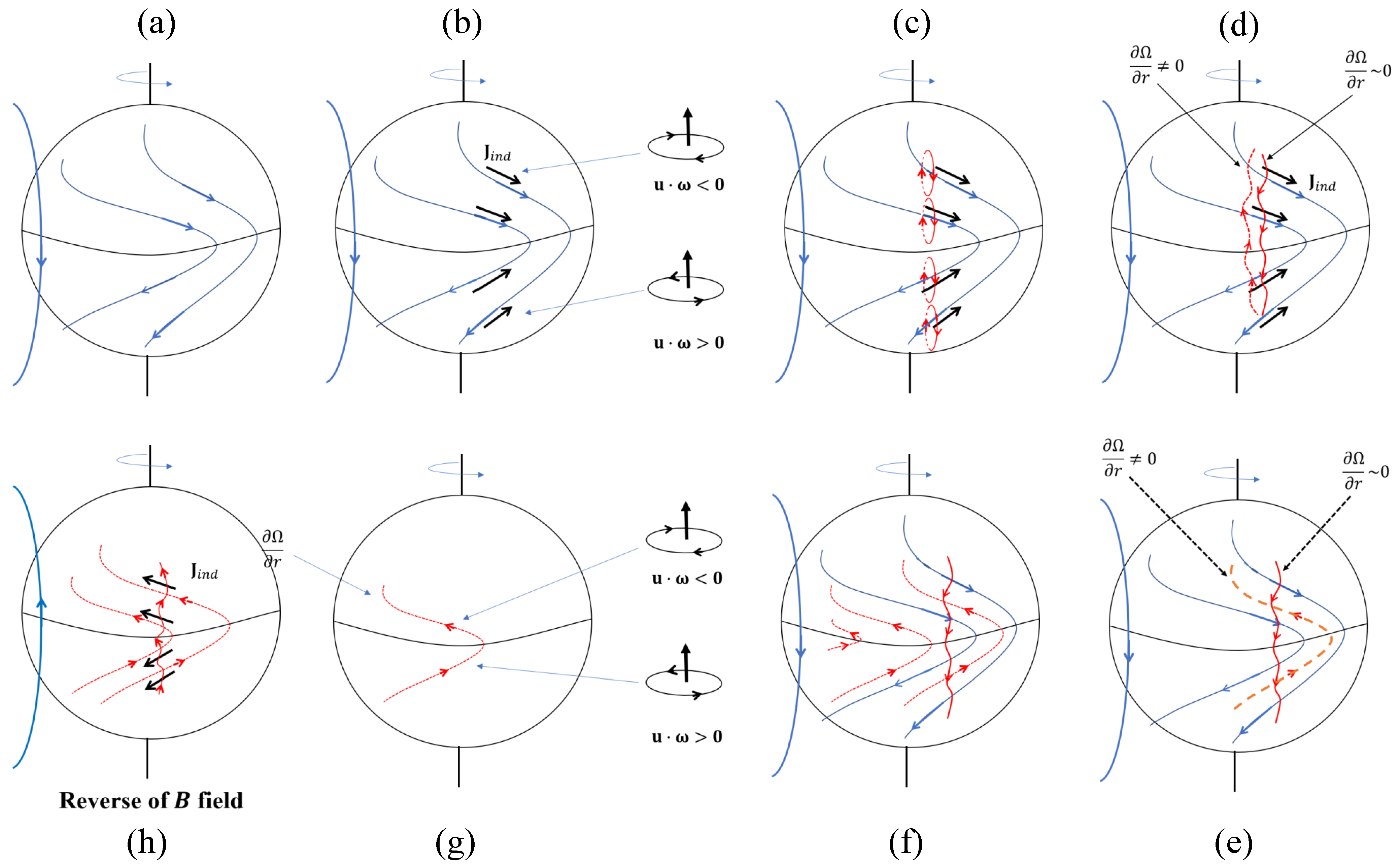 As Figure A1b shows, in the northern hemisphere, induced by left-handed kinetic helicity is in the same direction as the magnetic flux. On the contrary, is induced in the opposite direction in the southern hemisphere. Due to the opposite direction of in both hemispheres, the current densities in the northern and southern hemispheres flow from west to east. We will discuss the generation of aligned with due to kinetic helicity.
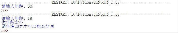 上述在讲解if语句是True时,需缩进4个字符空间,读者可能会问可不可以缩进5个字符空间,答案是可以的。但是记得相同程序段必须有相同的缩进空间。如果你是使用Python的IDLE编辑环境,当输入if语句后,只要按Enter键,编辑程序会自动缩进4个字符空间。
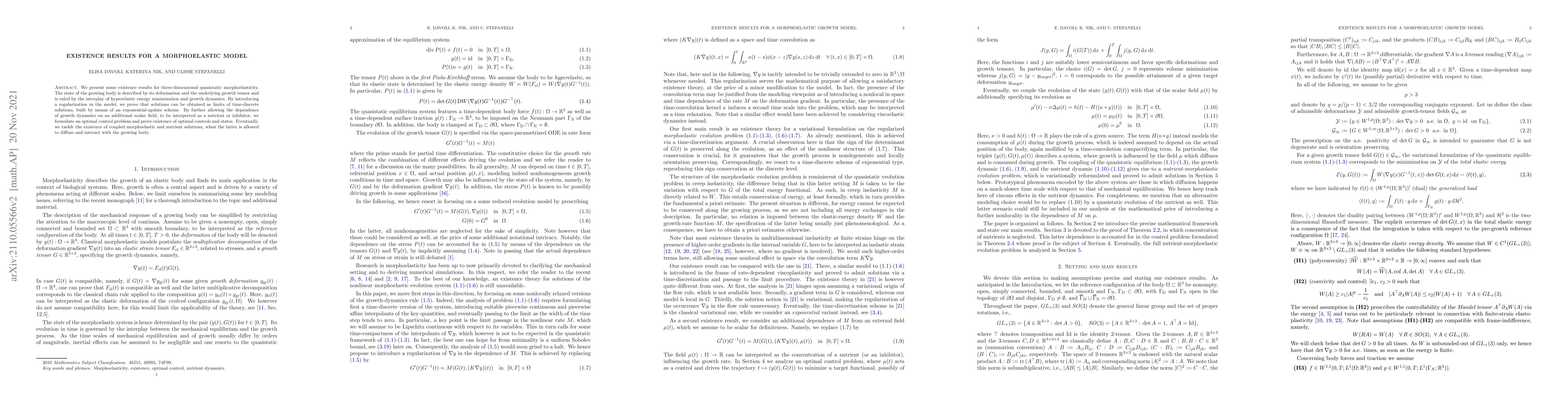 We present some existence results for three-dimensional quasistatic morphoelasticity. The state of the growing body is described by its deformation and the underlying growth tensor and is ruled by the interplay of hyperelastic energy minimization and growth dynamics. By introducing a regularization in the model, we prove that solutions can be obtained as limits of time-discrete solutions, built by means of an exponential-update scheme. By further allowing the dependence of growth dynamics on an additional scalar field, to be interpreted as a nutrient or inhibitor, we formulate an optimal control problem and prove existence of optimal controls and states. Eventually, we tackle the existence of coupled morphoelastic and nutrient solutions, when the latter is allowed to diffuse and interact with the growing body.
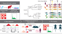 Transgenic mice were generated using the Mus musculus FVB strain and a standard CRISPR/Cas9 microinjection protocol50. Briefly, Cas9 protein (Integrated DNA Technologies catalog no. 1081058) at a final concentration of 20 ng/μl was mixed with sgRNA targeting the intended locus (50 ng/μl, for all sgRNAs combined), in microinjection buffer (10 mM Tris, pH 7.5; 0.1 mM EDTA). The mix was injected into the pronuclei of single cell stage fertilized FVB embryos obtained from the oviducts of super-ovulated 7–8 weeks old FVB females mated to FVB males (See Supplementary Data 8 for sgRNA sequences). The injected embryos were then cultured in M16 medium supplemented with amino acids at 37 °C under 5% CO2 for ~2 h. The embryos were subsequently transferred into the uteri of pseudo-pregnant CD-1 surrogate mothers. Founder (F0) mice were genotyped using PCR with High Fidelity Platinum Taq Polymerase (Thermo Fisher) to identify those with the desired NHEJ-generated deletion breakpoints. Sanger sequencing was used to identify and confirm deletion breakpoints in F0 and F1 mice (Supplementary Fig. 11, Supplementary Data 8 for CRISPR sgRNA templates and Supplementary Data 9 for primer sequences and PCR amplicons). Between one and four F0 founders were obtained for each of the TAD boundary deletion loci, each of which were simultaneously assayed for possible inversions by PCR. Only those F0 founders that harbored clean deletion alleles were backcrossed to wild-type mice and bred to procure F1 heterozygous mice. Given that each of the deletions across founders were consistent in the NHEJ-mediated deletion span, only one founder line for each locus was eventually selected to expand breeding for experiments in this paper. Additional confirmation and visualization of the deleted TAD boundaries is evident in Hi-C contact matrices resulting from Hi-C experiments on tissue from homozygous TAD boundary mutants compared to wild-type mice (Supplementary Fig. 11).
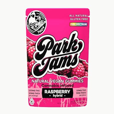 CBC: 0.02mg/g | CBG: 0.06mg/g | CBN: 0.03mg/g | THC8: 0.18mg/g | THC9: 0.18% | THCV: 0.97mg/g -- Park Jams gummies—where flavor meets the beat in every bite. Crafted with care and creativity, our natural, gluten-free, vegan gummies are infused with full-spectrum cannabis extract, delivering a smooth and euphoric experience. Park Jams are more than just a treat; they're a vibe. Our raspberry gummies are where flavor meets rhythm in a harmonious explosion for your taste buds! Infused with THCV, these gummies are your key to focus and flow, perfect for staying on your grind without the crash. A gummy texture so smooth, it's like laying down fresh beats on a classic vinyl record. Each bite bursts with the intense, all-natural essence of ripe raspberries, transporting you to a summer jam session. Whether you're chilling at home or jamming at the park, these gummies are the perfect companion. So, grab a pack, turn up the volume, and let the flavor flow. It's time to elevate your groove with gummies that bring the flavor and the funk, jam on! Be happy, know your ingredients and jam on – Park Jams are made with a combination of maltose syrup and sugar to give each gummy a balanced sweetness. The maltose syrup is made from rice—this gives Park Jams their rich and creamy texture without any dairy (is dairy usually a gummy ingredient?). We use citric acid from citrus fruits and grape extract for a hint of sour. Then we steal the cream of tartar from grandma’s cupboard to make sure Park Jams gummies stay perfectly soft—never chewy or crunchy. Then premium high potency cannabis oil, hybrid terpenes, and plant-extracted natural flavors are added to the mix, with purple carrot extract for color (and antioxidants!). No artificial flavoring and no toxic coloring, no unwanted hangovers here. We are California, we are art, we are loud. Sit back, relax, and jam on.
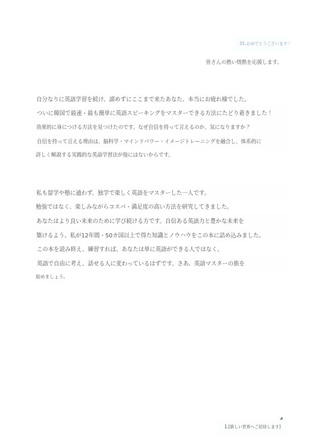 過去13年間、50カ国の人々と交流しながら積んだ経験、OPIcなどの英語試験の成績達成、外資系企業の英語面接や就職成功を通じて検証したノウハウを今回の電子書籍にすべて詰め込みました。皆さんが英語をもっと簡単に、自信を持って話せるようお手伝いしたいです。」
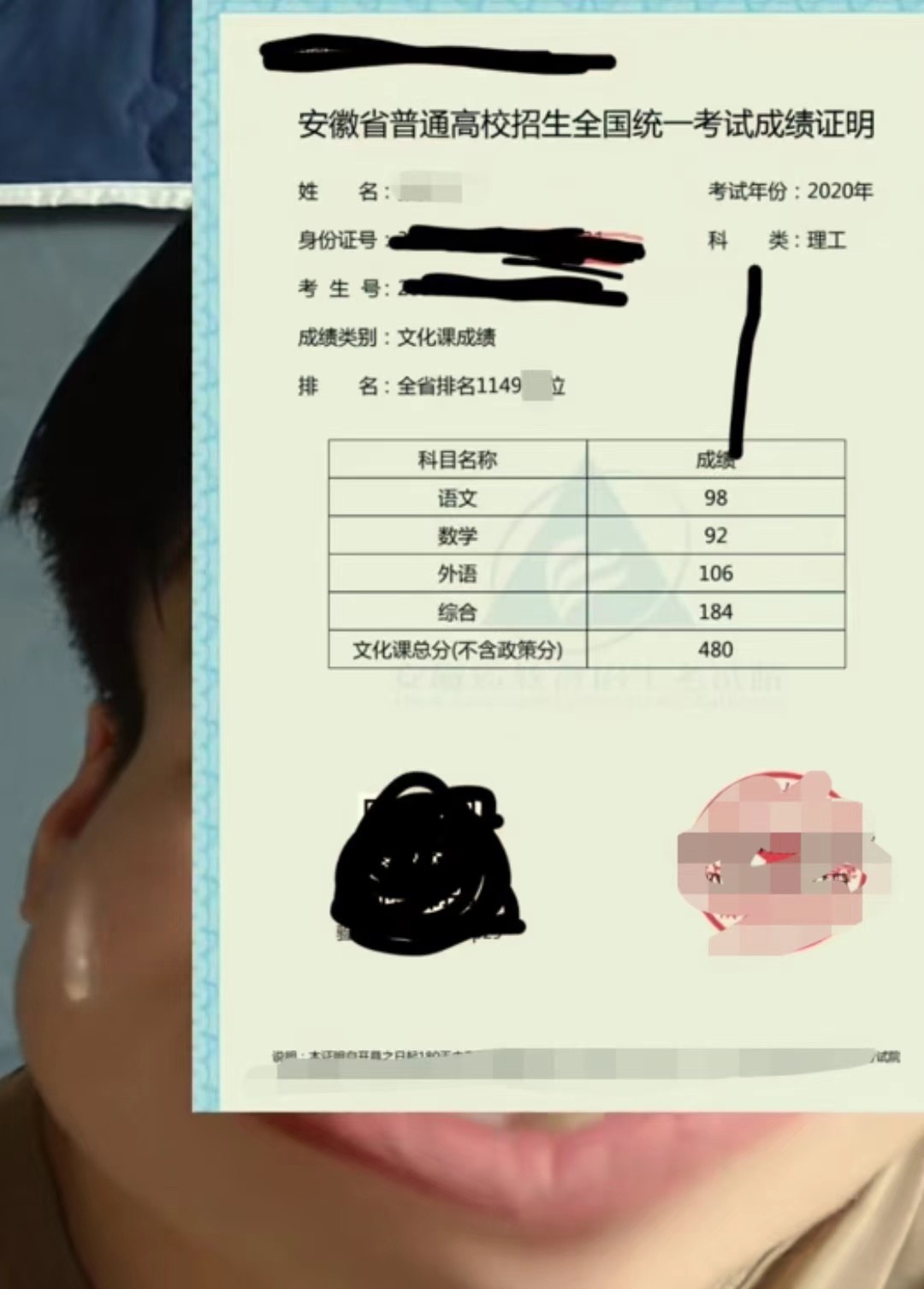 而让博主感到有趣的是,当时复读第一天,班主任让他们把复读目标分数写下来,他当时写的就是480分,结果考下来,居然也是480,一分不多,一分不少。
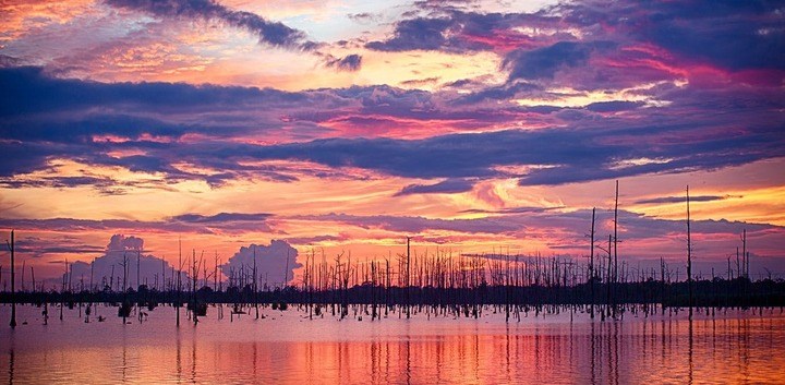 مشاهدة المياه الغامضة من بايو تتحول إلى بحر من الوردي مع غروب الشمس وراء المستنقعات، يوفر مشهدا فريدا ومثيرا، وهناك الكثير من جولات القوارب لاستمتاع بهذا المشهد الملون.
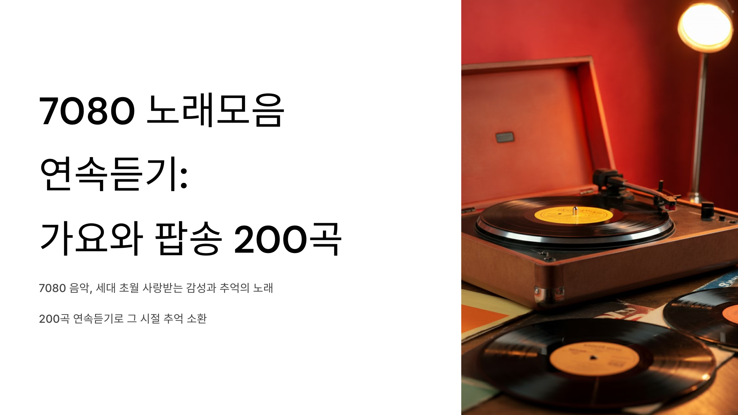 7080 음악은 그 시절의 감성과 추억을 담고 있어 세대를 초월해 많은 사랑을 받고 있습니다. 오늘은 7080 가요와 팝송 200곡을 연속으로 들을 수 있는 방법과 추천 플레이리스트를 소개합니다. 잊지 못할 명곡들과 함께 그 시절로 돌아가 보세요! 😊

....

-- Task directions --
Only the lines from the top of the records through the line with "上述在讲解if语句是True" belong in the copy; write them out exactly, leaving out pictures.

-- Answer area --
 As Figure A1b shows, in the northern hemisphere, induced by left-handed kinetic helicity is in the same direction as the magnetic flux. On the contrary, is induced in the opposite direction in the southern hemisphere. Due to the opposite direction of in both hemispheres, the current densities in the northern and southern hemispheres flow from west to east. We will discuss the generation of aligned with due to kinetic helicity.
 上述在讲解if语句是True时,需缩进4个字符空间,读者可能会问可不可以缩进5个字符空间,答案是可以的。但是记得相同程序段必须有相同的缩进空间。如果你是使用Python的IDLE编辑环境,当输入if语句后,只要按Enter键,编辑程序会自动缩进4个字符空间。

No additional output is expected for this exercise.